Big Drug Companies and Their MAGA Republican Allies Are Putting Profits Over Patients Detailed in New Report.
Washington, D.C. — Protect Our Care is releasing a new report detailing pharmaceutical companies’ sky-high revenues as they continue charging unaffordable prices to patients. The report found that in 2023, 16 of the largest drug companies raked in $684 billion, and they spent $106 billion rewarding shareholders. For too long, drug companies have been allowed to charge whatever they want, gouging patients to the point that more than 1 in 3 Americans report cutting pills or skipping doses because they can’t afford their medication.
“Drug companies’ greed is only getting worse,” said Protect Our Care Chair Leslie Dach. “Our nation’s seniors are depending on the savings from the Inflation Reduction Act so they don’t have to choose between filling their prescription and filling their refrigerator. In the richest country in the world, no one should be cutting pills or skipping doses. It is reprehensible that big drug companies and MAGA Republicans continue to put profits over people as they work to block negotiations in court and gut the program in Congress.”

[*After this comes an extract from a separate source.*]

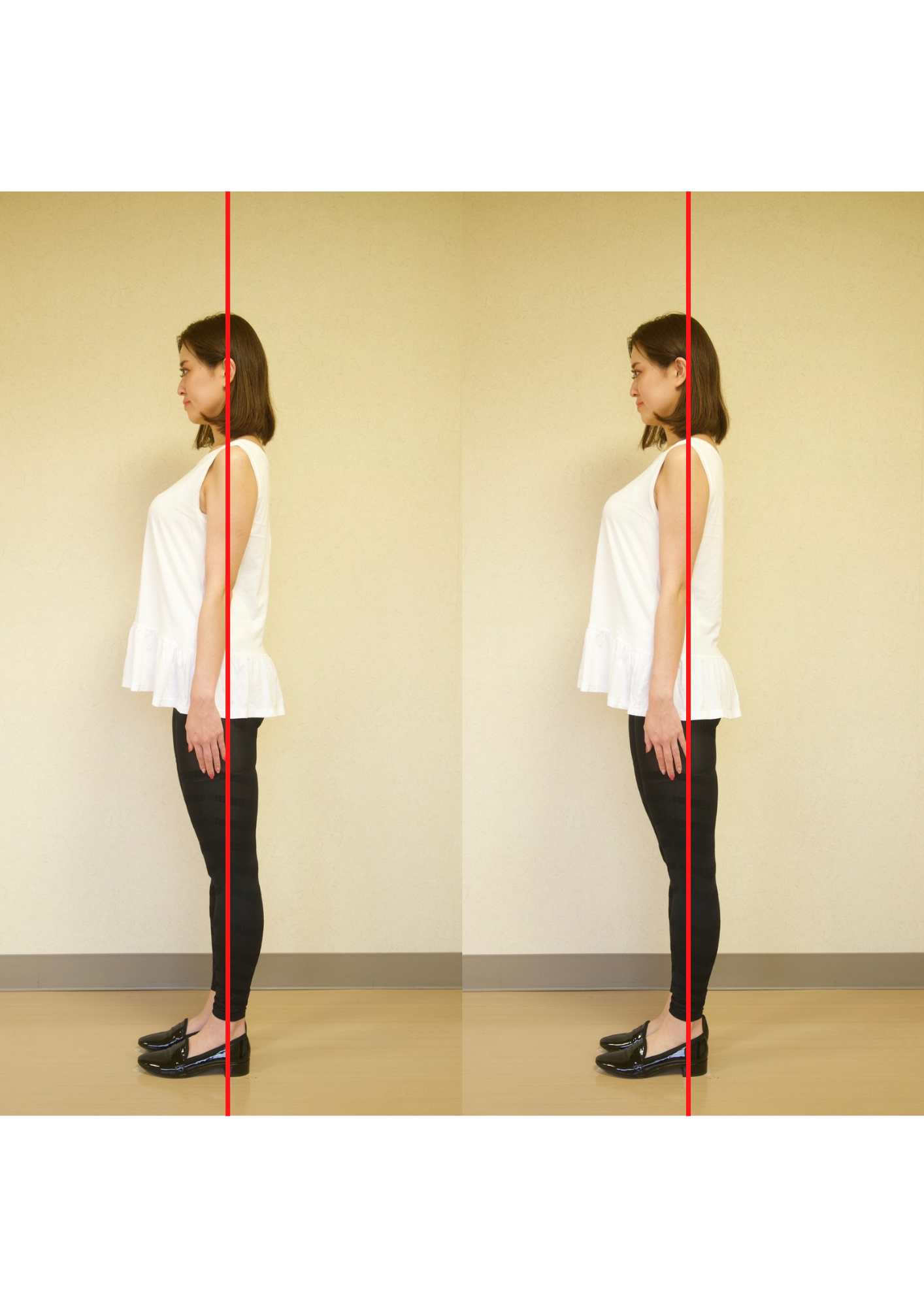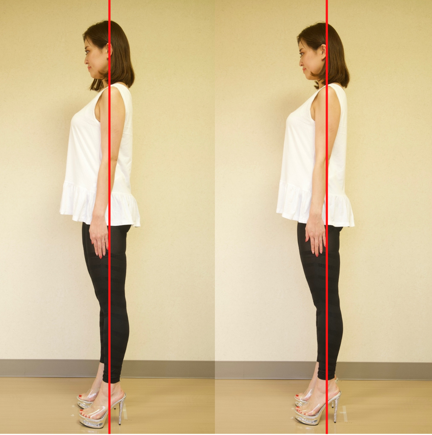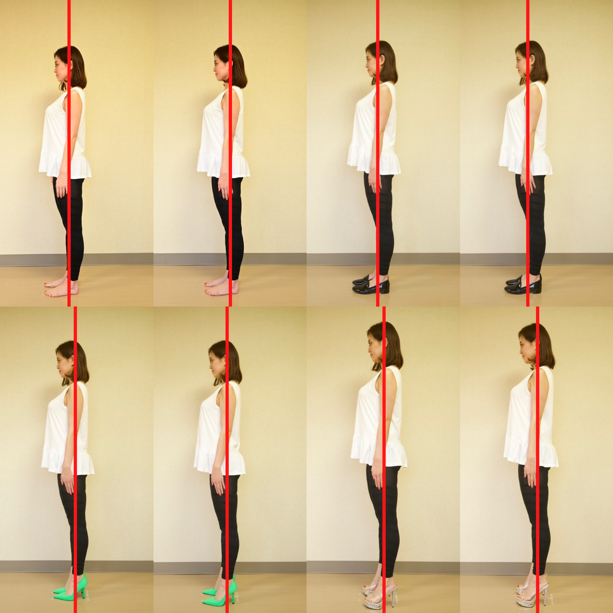 重心が足の中央に乗ることで踵の高低差関係なく姿勢を保つことができます。

Many of the drugmakers highlighted in the report are the same companies in court now to stop Medicare’s ability to negotiate lower drug prices under the Inflation Reduction Act. Drug companies have also been working behind the scenes with Republican lawmakers to repeal all of the Inflation Reduction Act’s provisions to make prescription drugs more affordable for millions of seniors. Big drug companies claim that the new law to make drugs more affordable will harm patients, but in reality, they’re telling investors the opposite and spending billions on rewarding their investors through stock buybacks and dividends, paying their executives millions, and spending millions lobbying to keep their prices high.
Key Points:
- We followed the 2023 earnings reports of 16 drug companies.
- These 16 companies reported $684.1 billion in total global revenue and have announced dividend payments and stock buybacks totaling $105.9 billion.
- The seven publicly held companies currently suing to ban Medicare from negotiating lower drug prices reported $343 billion in revenue. Those same companies reported shareholder compensation in the form of stock buybacks and dividends totaling $53 billion.